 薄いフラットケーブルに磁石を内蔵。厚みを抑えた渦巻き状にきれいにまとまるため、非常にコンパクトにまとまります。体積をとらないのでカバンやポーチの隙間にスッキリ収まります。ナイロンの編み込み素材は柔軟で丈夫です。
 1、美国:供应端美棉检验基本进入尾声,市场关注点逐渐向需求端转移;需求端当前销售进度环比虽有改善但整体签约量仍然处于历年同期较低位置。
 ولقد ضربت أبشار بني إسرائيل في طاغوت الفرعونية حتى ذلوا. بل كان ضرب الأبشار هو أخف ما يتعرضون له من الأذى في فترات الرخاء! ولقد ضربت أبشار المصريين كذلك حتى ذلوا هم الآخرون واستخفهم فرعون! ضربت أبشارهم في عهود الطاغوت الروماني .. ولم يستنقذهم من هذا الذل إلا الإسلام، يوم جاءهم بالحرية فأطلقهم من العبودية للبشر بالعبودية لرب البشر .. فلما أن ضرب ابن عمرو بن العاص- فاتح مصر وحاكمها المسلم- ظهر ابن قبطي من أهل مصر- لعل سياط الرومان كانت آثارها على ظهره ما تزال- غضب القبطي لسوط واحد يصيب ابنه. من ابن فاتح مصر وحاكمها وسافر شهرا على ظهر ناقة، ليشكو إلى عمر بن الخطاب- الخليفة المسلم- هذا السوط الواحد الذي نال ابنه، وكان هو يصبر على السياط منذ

++++

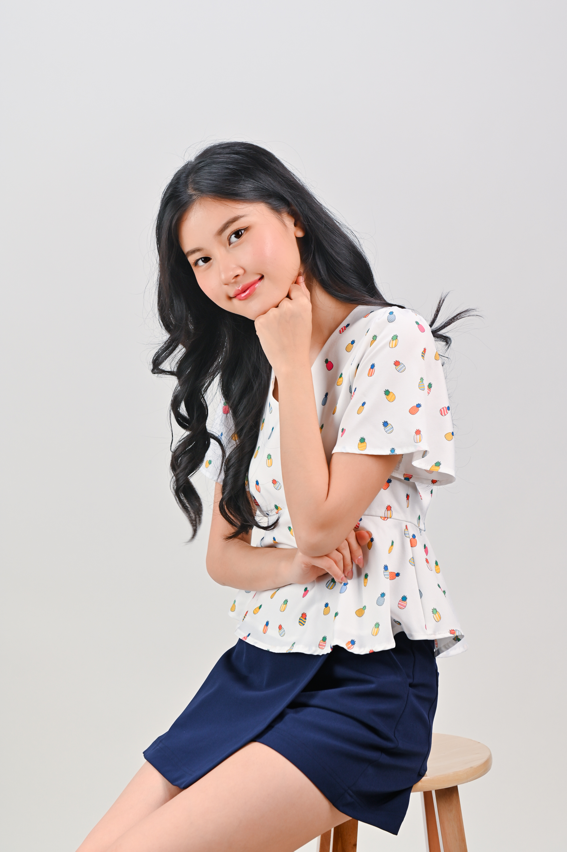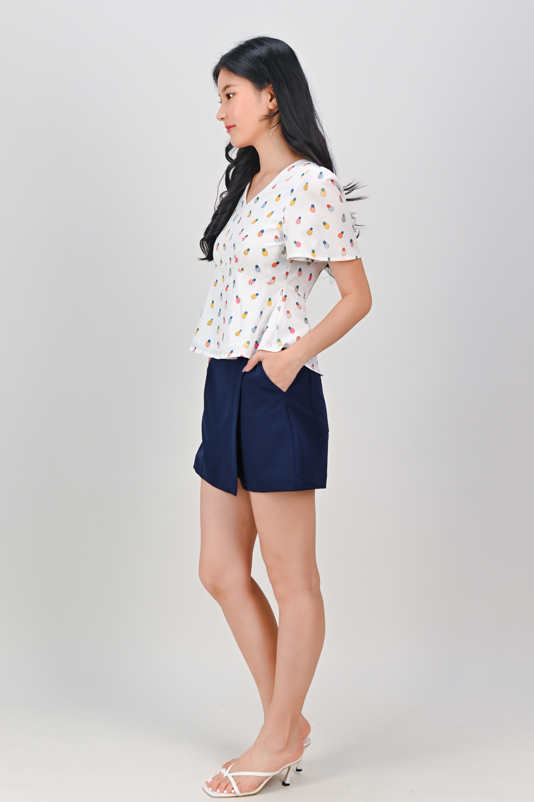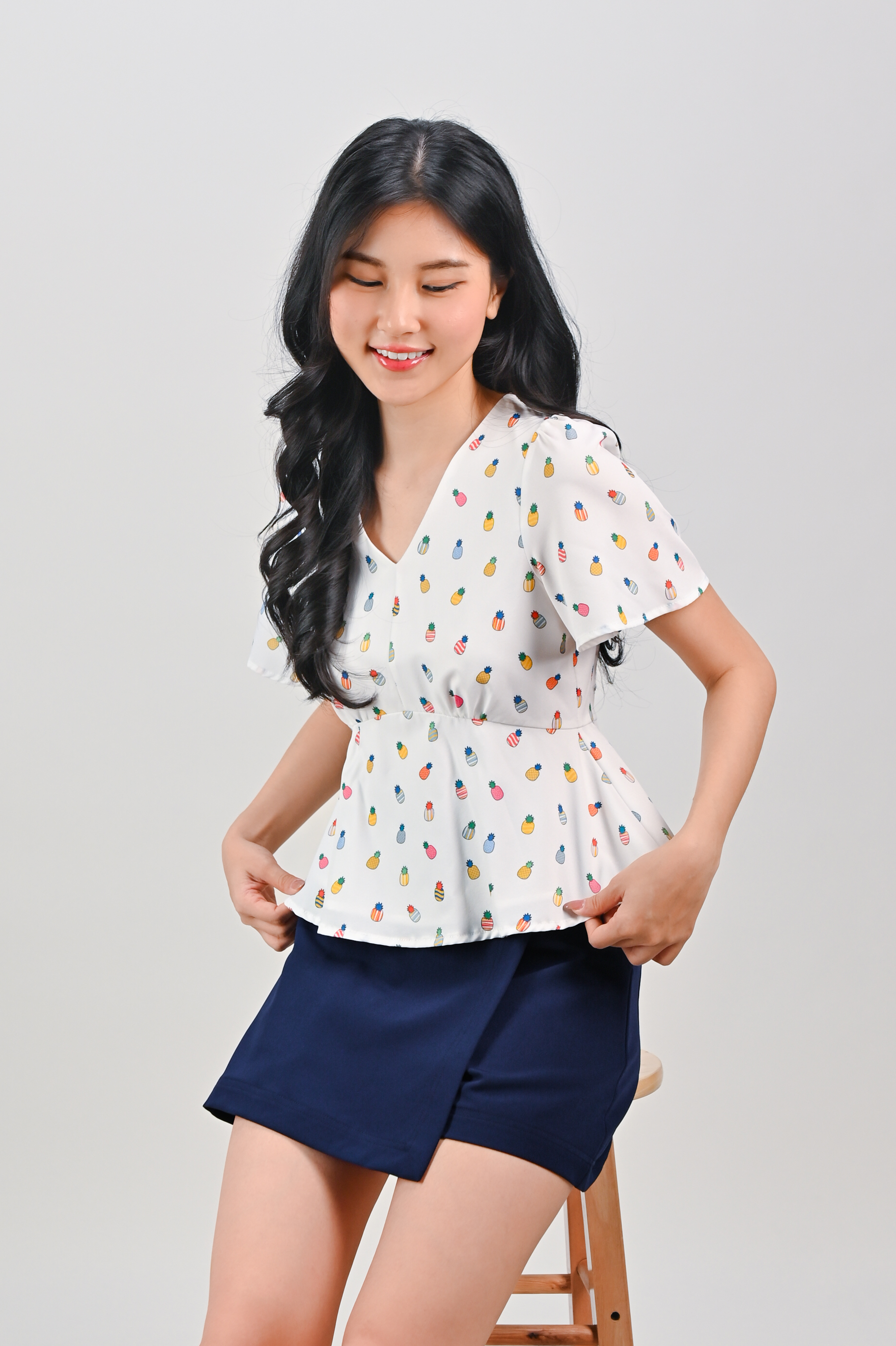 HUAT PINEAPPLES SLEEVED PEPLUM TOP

++++

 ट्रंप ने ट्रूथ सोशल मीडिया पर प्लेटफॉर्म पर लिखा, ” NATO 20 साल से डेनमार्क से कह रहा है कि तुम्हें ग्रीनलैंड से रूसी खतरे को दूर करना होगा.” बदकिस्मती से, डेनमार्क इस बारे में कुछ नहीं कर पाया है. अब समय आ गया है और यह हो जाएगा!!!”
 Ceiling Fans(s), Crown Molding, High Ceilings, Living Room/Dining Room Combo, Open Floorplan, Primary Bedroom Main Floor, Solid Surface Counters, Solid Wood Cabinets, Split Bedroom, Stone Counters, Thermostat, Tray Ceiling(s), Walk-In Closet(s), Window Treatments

++++

*WORK INSTRUCTIONS*. Please give back exactly the lines of the listing above that run from the one containing "薄いフラットケーブルに磁石を" through the one containing "1、美国:供应端美棉检验基本", and only those.

*WRITTEN SOLUTION*.
 薄いフラットケーブルに磁石を内蔵。厚みを抑えた渦巻き状にきれいにまとまるため、非常にコンパクトにまとまります。体積をとらないのでカバンやポーチの隙間にスッキリ収まります。ナイロンの編み込み素材は柔軟で丈夫です。
 1、美国:供应端美棉检验基本进入尾声,市场关注点逐渐向需求端转移;需求端当前销售进度环比虽有改善但整体签约量仍然处于历年同期较低位置。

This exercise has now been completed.